When I was in high school, I carved out a piece of my humanities education to study stained glass windows, old cathedrals of European kingdoms, and the men who made them fine—medieval artists smelling strong of a long day’s labor, Middle Age wet mortar, and musty, dark communion wine.
These men made beauty meant to age, with secret dyes that centuries of chemists in white lab coats have not yet learned to redesign that grow bolder and brighter year after year of sun and dust and time—years longer than any artist can survive. The moment those windows were made was the moment they were most decayed, and that is all the artist ever saw, and every generation watched the colors slowly come alive.
My own sunlit halls of memory are not segmented in perfect cuts of colored glass but blurred in pink and white calico, my face pressed up against the apron you always wore when you were in the kitchen—smelling either of fresh-brewed, hot mint tea or taco meat, depending on what you just made for me—and your old living room is filled with Christmas gifts, wrapped, colored bright, to open soon, mysterious to me as tumbled piles of old medieval stone.
Your sacred intercession for me all those years, starting from before I was born, is still carrying me home. Hannah Hubin
I remember sitting in your living room in my turquoise one-piece fleece pajamas with the teddy bear embroidered on the right shoulder, forcing my bare toes into the loose, unraveling weave of your couch, watching Little House on the Prairie reruns on the Hallmark channel. Except we never made it very far into the episode because all I ever wanted to see was the opening scene, when little Sidney Greenbush playing Carrie face-plants into the field. I thought it was cute, and I guess you thought I was too, because you would stand behind me, leaning over against the back of the couch, with the old TiVo remote in your hand for a good several minutes, rewinding the opening over and over again. I didn’t know when I was four how well-acquainted of a person I would become with falling down, but maybe you did. Anyhow, I’ve always known you didn’t mind.

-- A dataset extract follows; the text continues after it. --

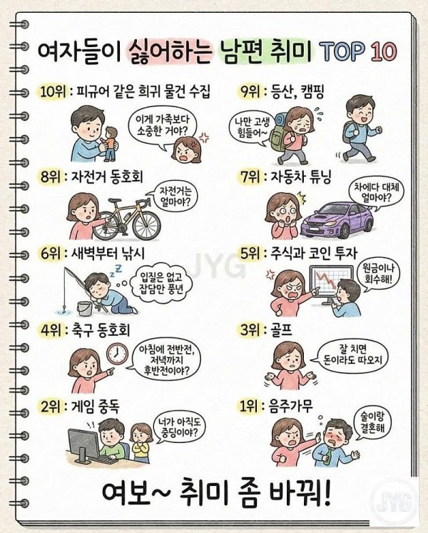 여자들이 싫어하는 남편 취미 TOP10

In the autumn, we went to the pumpkin patch and had our picture taken with a scarecrow wearing a Cubs shirt. On Saturday mornings, we pulled out the newspaper, circled the ads, and went to all the garage sales listed, you and me and my mom: three generations, centuries removed from medieval cathedrals, rummaging through garages to find something beautiful.

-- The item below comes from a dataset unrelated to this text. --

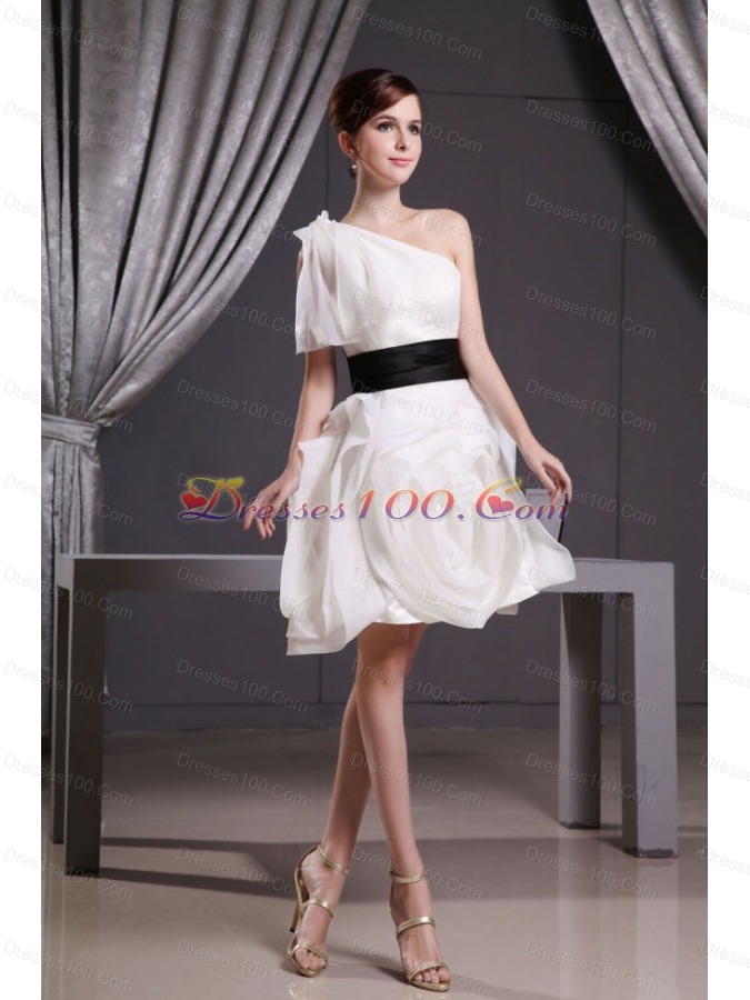 A sexy white prom dress features a one shoulder strap neckline and a contrasting black waistband.The skirt is unique for the 3D flower on the mini skirt. The zipper closure secures the dress in place and ensures easy off and on. A stunning dress for those occasions when you really want to 'wow' the crowd.

We both know I could be a perfect devil as a little girl—fully-equipped with a pink and purple My Little Pony Pitchfork—and for the sake of Mom’s sanity and the paint on our walls, you would come over in the afternoons and sit me down next to one of Mom’s overflowing laundry baskets and match socks with me and talk to me and listen to me talk.
Sometimes we had tea, and I still drink coffee out of your old china often, sometimes when I write, like this.
We took a lot of walks together, I remember that. I remember one walk later on, towards the end. Still, even that close, I don’t think I knew you were sick. I remember we walked to the end of the subdivision we shared, and when we came to the last house, I sat my stubborn butt down on the sidewalk and told you I was too tired to walk back and proceeded into a good summary of how difficult my life was at five years old. You must have been very weary by then. Everyone I’ve ever talked to knows chemo is exhausting.
You carried me home on your back.
Until I grew up and started trying to be “literary”—whatever that means—you were the only person I knew who wrote poetry. It’s how you prayed for grandkids. I might be a little less stubborn and a little less lazy than that little girl plopped down on the sidewalk—maybe—but I know your sacred intercession for me all those years, starting from before I was born, is still carrying me home.
I think about you a lot, and how I was given your name and your dark hair, how your care of me for the few years our two lives overlapped continues to press into me and hem around me and push me on into something more of grace than I ever could have sought out on my own. I think often of who you were as a grandmother, a poet, a cook, an artist: sleeves rolled, apron on, making beautiful the ancient art of loving people you would never live to see grow old.
And though it’s been, I guess, just fifteen years of sun and dust and time since you first left us for the old and high cathedral of the sky, I’ve seen enough to say: the grey is now an azure shade, and I wish you could be told that all your yellow has been turning gold.